37 キウォン宮の宴※
アルムの歌声は中性的だ。
正確に言うと、高音部は男性とも女性ともつかぬ、透明でよく通る声。中音部はそれに少し深みと、時おり艶が加わる。低音部はより力強く、深くどこまでも広がる声。それで、どこにも裏声は使わない。
――エウルナリアは、アルムの裏声も儚げな響きで好きなのだが。
アルム曰く、楽団のオーケストラと共に歌う時は、そういう作法らしい。
ともあれ、父は今日も絶好調だ。
日も暮れたキウォン宮の公式な催事用の広間で、今、彼は歌っている。
外は、宵闇の帳が降りたばかり。月は白く、どこまでも細い。その分ささやかに煌めく星明かりが、聴客の一人であるかのように、静かに地上に降りていた。
上座にはセフュラの国王が一段高い場所の玉座に座り、その家族が周りを固めるように、背にクッションをあてがって、絨毯の床に寛いだ様子で侍っている。
大広間の周囲をぐるりと囲むのは重臣や、主だった貴族達。やはり背に筒状のクッションを置き、床の敷物に直接座っている。
その更に外側、大回廊には警備の兵が等間隔で立っている。
急きょ、エウルナリアの乳姉妹であるフィーネもビオラ奏者として組み込まれた皇国楽士団は、総勢四十一名。
彼らは下座にあたる入り口付近を背に大広間の中央を陣取り、レガートとは違う、温度や湿度の高さをものともせず、いつも通りの素晴らしい演奏をしていた。――主旋律は歌い手に委ねてあるので、その役割は対旋律と伴奏とで、徹底されているのだが。
アルムは主旋律として彼らが構築した音の波を背に、身体そのものが一つの楽器であるかのように、聴き入る人びとの間に余すことなく美声を響かせる。
高く低く、時に朗々と、時に秘めやかに、囁くように。
歌う姿も演奏のうちと言うべきか…普通、人は聴き惚れると目を瞑るものなのだが、王を囲むご婦人がたは、視線がうっとりと固定されていた。
(うん。お父様、歌ってるときが一番色気があると言うか、格好いいものね…仕方ない。本当、いい声…)
異国の宴に相応しく、うつくしく着飾ったエウルナリアは、目を瞑って父の歌と楽団の演奏に心を委ねていた。
この場では最もあり得ない特等席――上座の国王、ジュード一世の膝の上で。
* * *
「いやです」
時を遡ること数刻前、小宮殿にて。
宴のための装いが整ったので見てもらおうと、エウルナリアが父の部屋に向かったとき、その声は聞こえた。
――父の、あんな声は珍しい。
後ろに従者の正装をしたレインを控えさせ、そっと部屋を伺うと、同じく夏の正装となったアルムの後ろ姿と、見たことのない男性の姿が見えた。
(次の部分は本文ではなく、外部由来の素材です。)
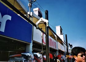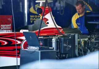 ピットウォークは45分一発勝負だ。俺としては28時間くらい見ていたいのだがなぁ。BARを見終わった頃にタイムアップになり(11時だ)、ピットロード出口側から綱引きのひものようなものをもったサーキットスタッフ達が「さあ、終わりだよ、戻った戻った」と言わんばかりに押し寄せてくる。オーストラリアGPでは楽器を手に、演奏しながらの”追い出し”らしい。お祭りなんだから、これくらいの余裕が無いとね。
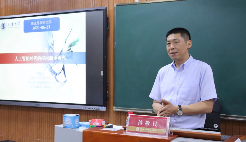 6月23日上午,上海大学外国语公司教授傅敬民来公司做“人工智能时代的应用翻译研究”专题讲座。
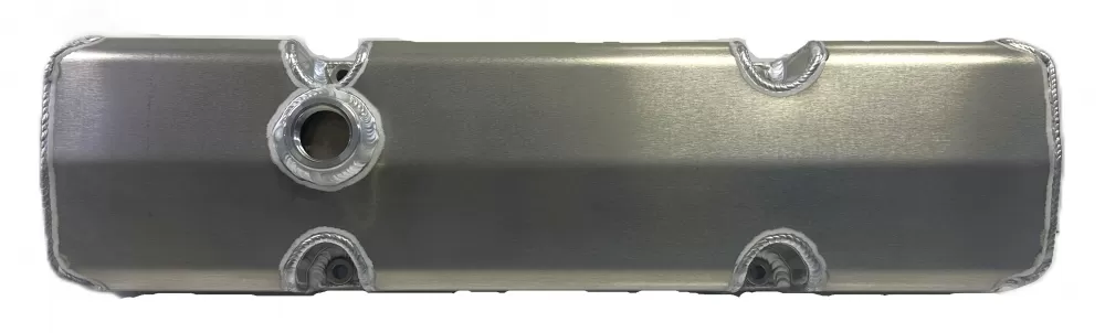 Right side fabricated aluminum short valve cover for the Small Block Chevrolet. This valve cover features:
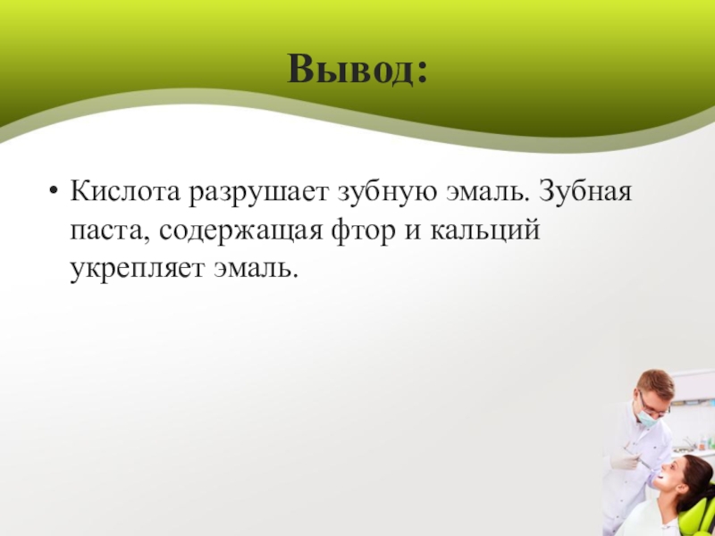 Кислота разрушает зубную эмаль. Зубная паста, содержащая фтор и кальций укрепляет
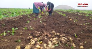 حماة-سانا بدأ فلاحو منطقة الغاب بمحافظة حماة عمليات جني محصول البطاطا الربيعية للموسم الزراعي الحالي.
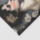 This hauntingly beautiful portrait merges Victorian romanticism with Gothic elegance, featuring a figure in profile adorned in exquisitely detailed damask and brocade. The composition masterfully layers ornate patterns, from the sculptural sleeve detailing to the golden chrysanthemums floating against the shadowed background. The subject's porcelain complexion, enhanced by a delicate rose blush, creates a striking contrast against the dark, theatrical backdrop.
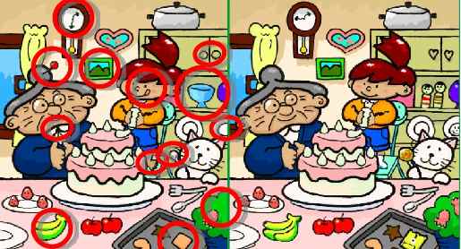 تعداد موزها ، رنگ کوکی ، جوراب کودک ، تعداد آب نبات ، گربه ، زمان ساعت ، تصویر روی دیوار، چهره بچه ، سنجاق سر در موهای مادربزرگ ، اشیاء مختلف در قفسه
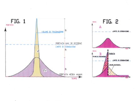 Esso, per una generica sezione fluviale, in un sistema di assi cartesiani con in ascissa il tempo e in ordinata la portata istantanea, rappresenta con l’area interna alle campane la massa d’acqua complessiva di una piena che transita e con la retta tratteggiata in celeste la portata istantanea max che la sezione é in grado di sopportare con le proprie sponde, con l’eventuale sormonto della campana che quantifica l’acqua destinata a tracimare.
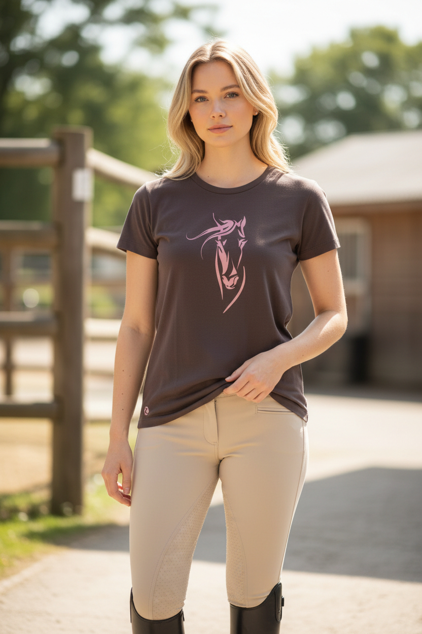 Horze Helen T-Shirt is a fun equestrian inspired t-shirt that pair fabulously with your favorite jeans or with a breech of your choice. Great color selections to mix in your favorite accessories. Bold graphics give this simple t-shirt style. Grab several of these affordable t-shirts in every fashionable color. Lovely, soft t-shirt for casual wear or riding. Fun graphics and new colors make it a fast favorite. The comfortable t-shirt will look great with breeches, shorts or jeans.
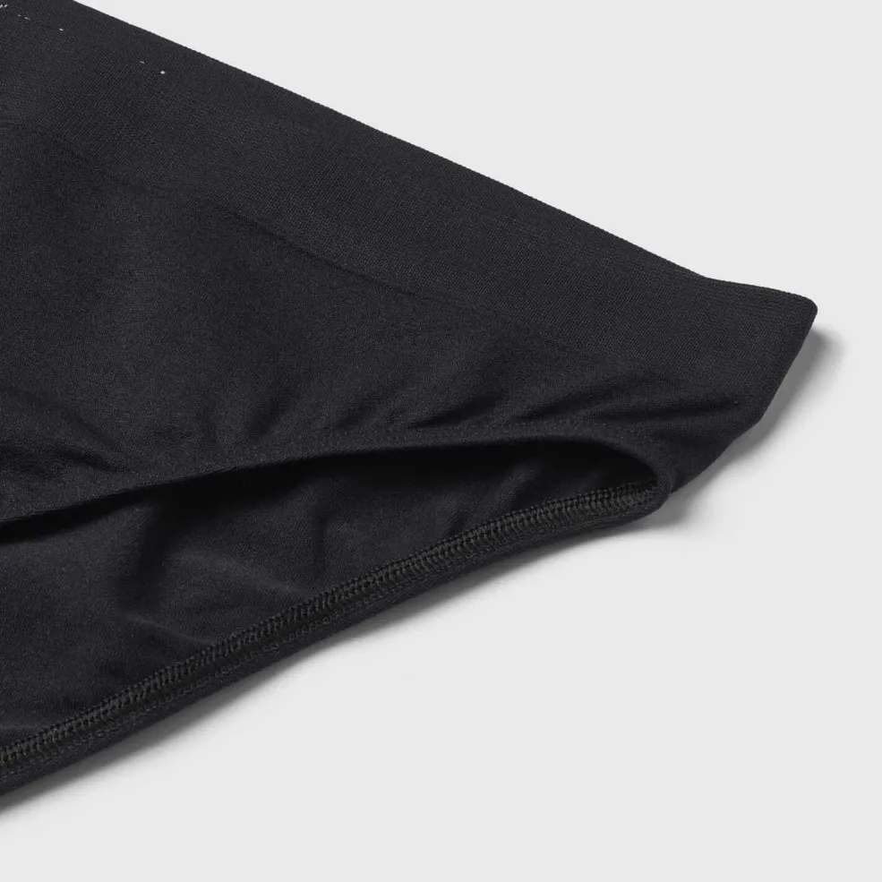 Sort brief med bred linning og brandlogo. Den kombinerer et enkelt design med praktiske detaljer og er lavet i en blød materialeblanding med stræk.
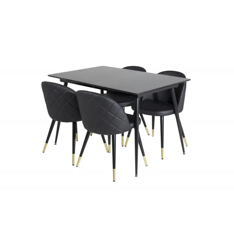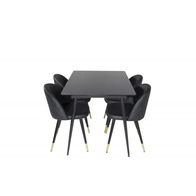 Oplev en moderne og hyggelig spiseoplevelse med Silar Rektangulær Spisebordssæt. Dette sæt kombinerer en stilfuld spisebord i sort MDF med luksuriøse velourstole, som har elegante gulddetaljer ved bunden. Stolene er robuste og komfortable, hvilket gør dem ideelle til lange middage med gode venner. Med sit elegante design og kvalitetsmaterialer bliver dette sæt midtpunktet i dit spiseområde.
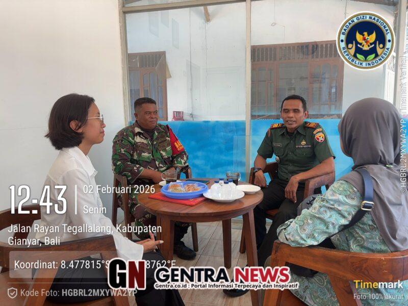 Gianyar – Tegallalang, Senin (2/2/2026) Guna memastikan program pemerintah berjalan dengan baik dan tepat sasaran, Danramil 1616-06/Tegallalang Kapten Inf Cok Agung Semadi didampingi Babinsa Desa Tegallalang Sertu I Gusti Putu Arbajaya melaksanakan anjangsana sekaligus peninjauan langsung ke Sentra Produksi Pangan Gizi (SPPG) Desa Tegallalang, yang berlokasi di Banjar Gentong, Desa Tegallalang, Kecamatan Tegallalang, Kabupaten Gianyar.

さらさらと流れるプラチナ色の髪は、アルムのように襟足で短く整えられているものの、うつくしい。長めの前髪が無造作に上げられているので、秀でた額と意志の強そうな眉がくっきりと見える。瞳は紫。日焼けしてはいるが、きめ細かい肌。アルムを上回る長身――とんでもない、美丈夫である。
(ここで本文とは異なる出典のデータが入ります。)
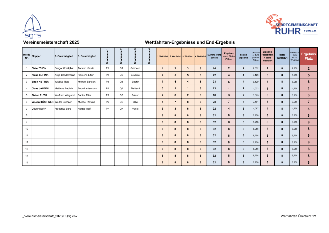 Vereinsmeister 2025 wurde die Crew Claas Janßen, Matthias Redlich und Bodo Lantermann!
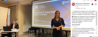 Wspomniany wykład w Rosyjskim Domu wygłosił przedstawiciel „Znania” na Polskę Jewgienij Tkaczew, który wygłosił wykład podsumowujący wspomniany cykl spotkań związanych z „80. rocznicą Zwycięstwa” czyli zakończeniem II wojny światowej.
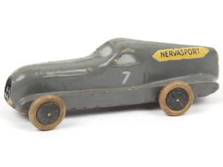 n°7 au pochoir - manques de peinture majeurs sur le bas de caisse avant de la carrosserie - pneus non d'origine (séchés) - petits manques sur les inscriptions - modèle lesté artificiellement
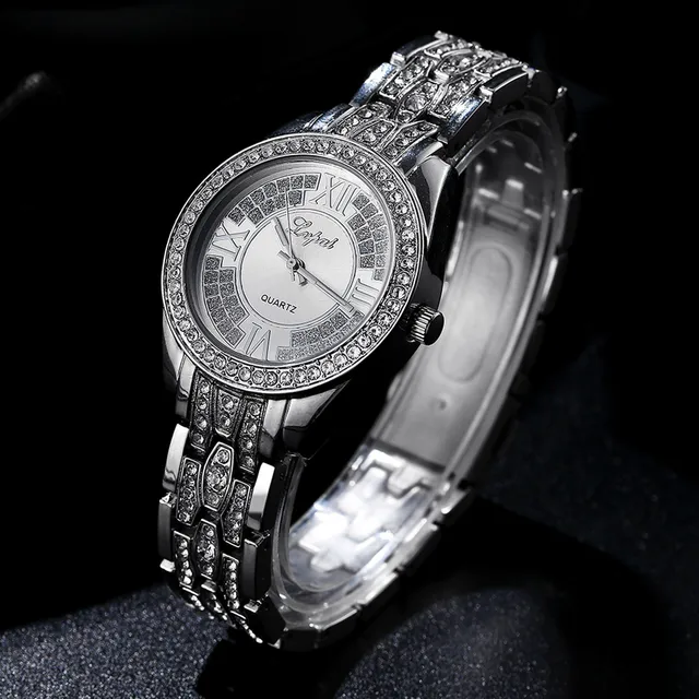 | [해외] LVPAI 뱅글 팔찌 시계 여성 패션 시계 2017 선물 블링 라인 석 크리스탈 아날로그 쿼츠 시계 손목 시계 Relogio |
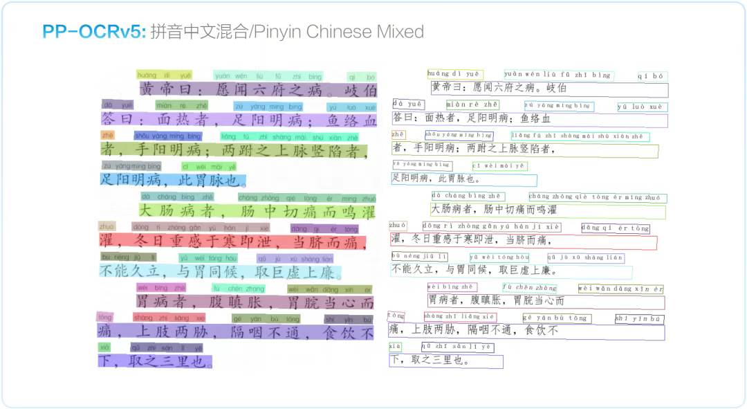PP-OCRv5 现已全面支持 42 种语言识别,较上一代模型实现了跨越式升级。其识别场景广泛覆盖印刷体、手写体、通用文本、拼音、古籍、生僻字等多个高难度领域,并在识别精度上实现全方位显著提升,重新定义了多语种OCR的技术标杆。
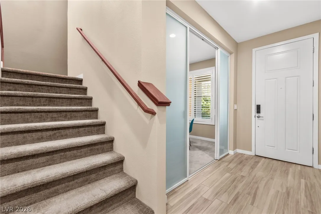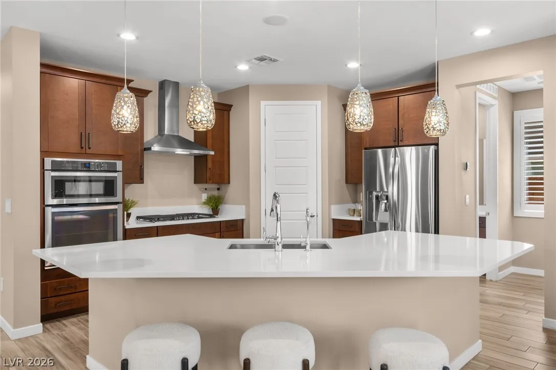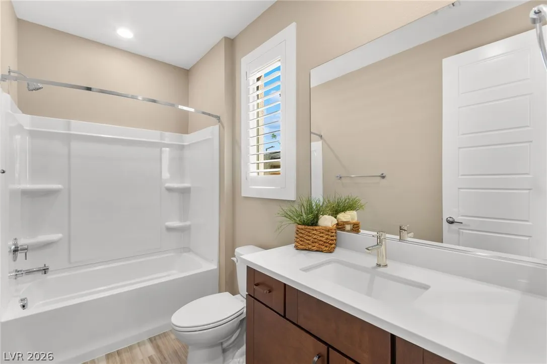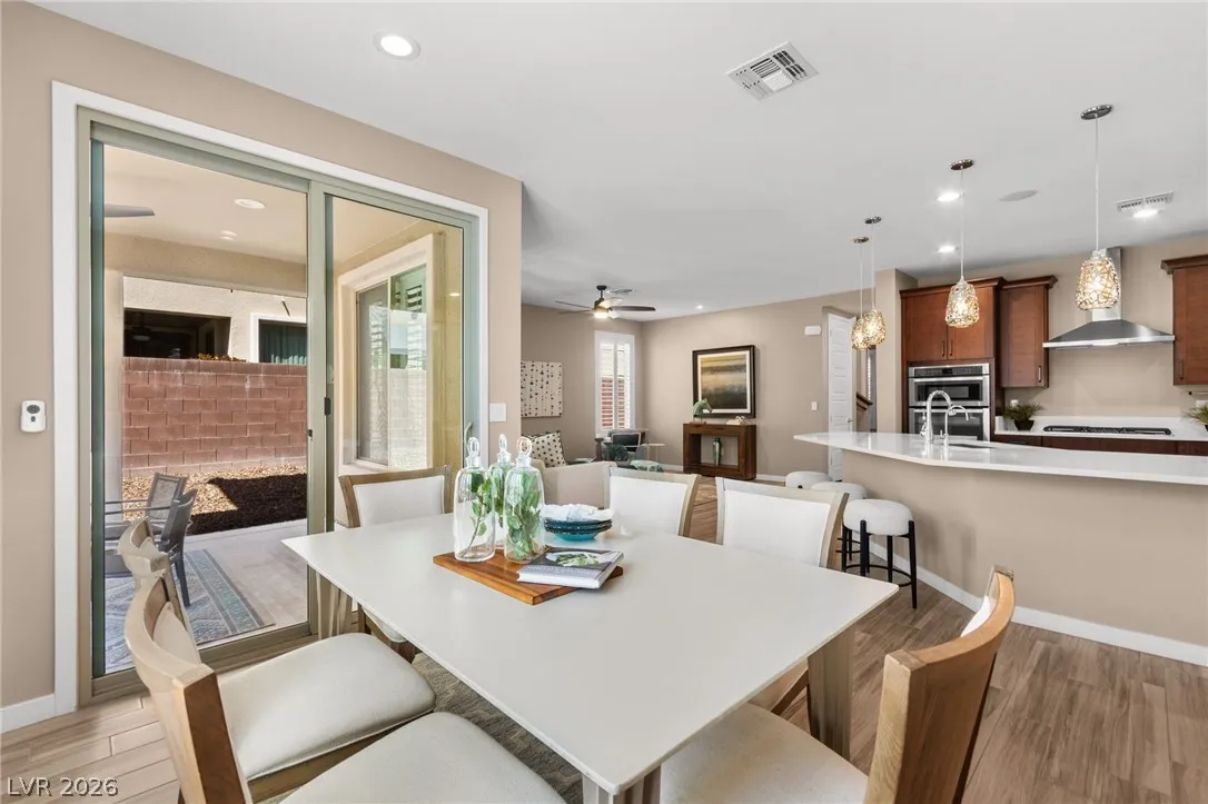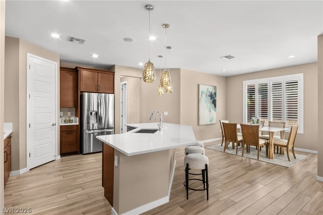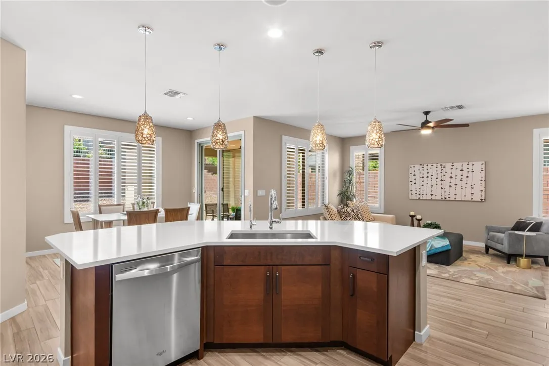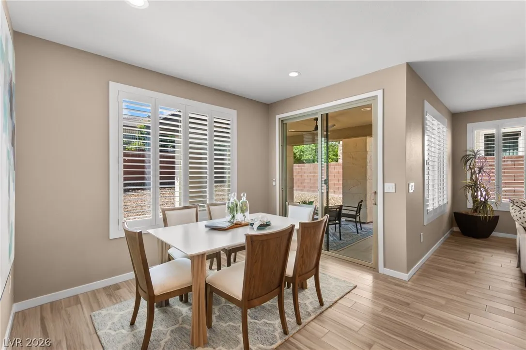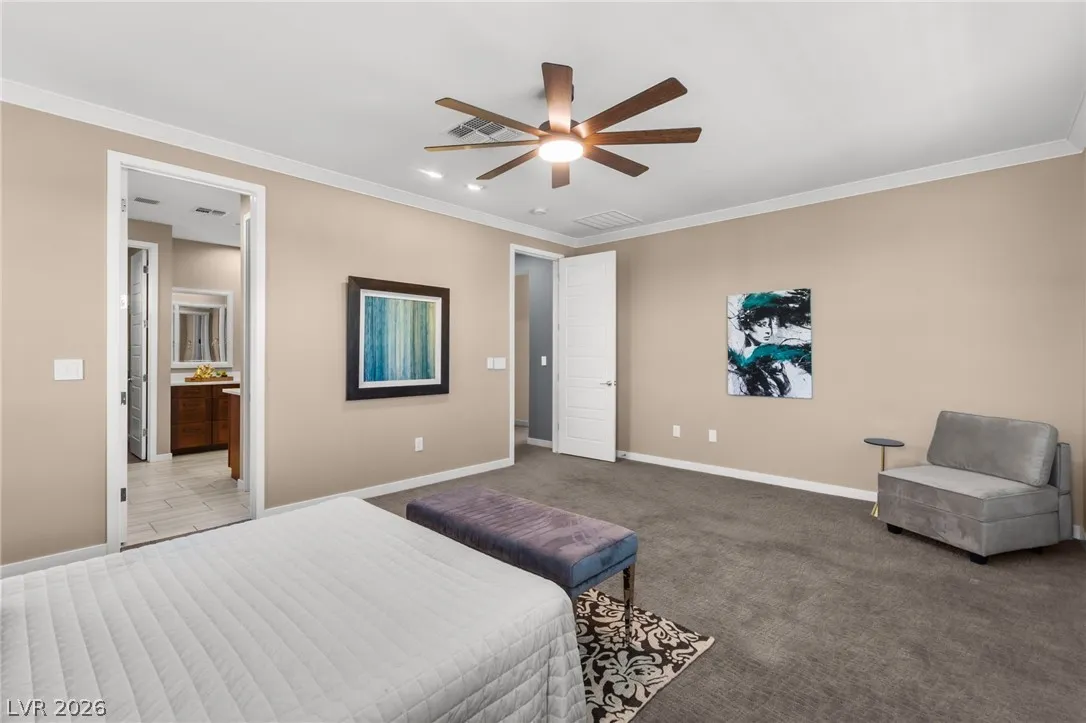 Tucked behind the gates of Vistara in The Cliffs of Summerlin, this exceptional home blends privacy, technology, and elevated living just moments from Bishop Gorman High School. Thoughtful layout features a stunning kitchen with rich walnut cabinetry, oversized island, and seamless flow into the great room and dining nook, perfect for everyday living and entertaining. Expansive picture windows with shutters fill the space with natural light and frame the, private backyard with beautiful mountain views. With 5 bedrooms and 3 full baths, including a bedroom and full bath down ideal for long-term guests or multigen living, this home offers both flexibility and comfort. Upgrades include whole-home ethernet wiring, surround sound, and a smart cabinet system in the laundry room for modern convenience. Finished 2-car garage with epoxy floors and EV charging. This gated community is known for its tranquility and prestige, a rare balance of seclusion and connection. Check out the Virtual Tour

しかも、美丈夫が身に付けているのは、セフュラらしい緩やかな白絹の長衣。袖を通さず、肩から羽織っただけの上着は透ける藍色。縫いとられた刺繍は金糸でセフュラ湖の蓮を、銀糸で湖面を意匠化したもの。
エウルナリアでも、一目で相当身分の高いひとだとわかった。
後ろでレインが、そんな主の肩に「もう、戻りましょう」と言わんばかりに軽く触れたが、残念ながら、好奇心が勝った少女は動かない。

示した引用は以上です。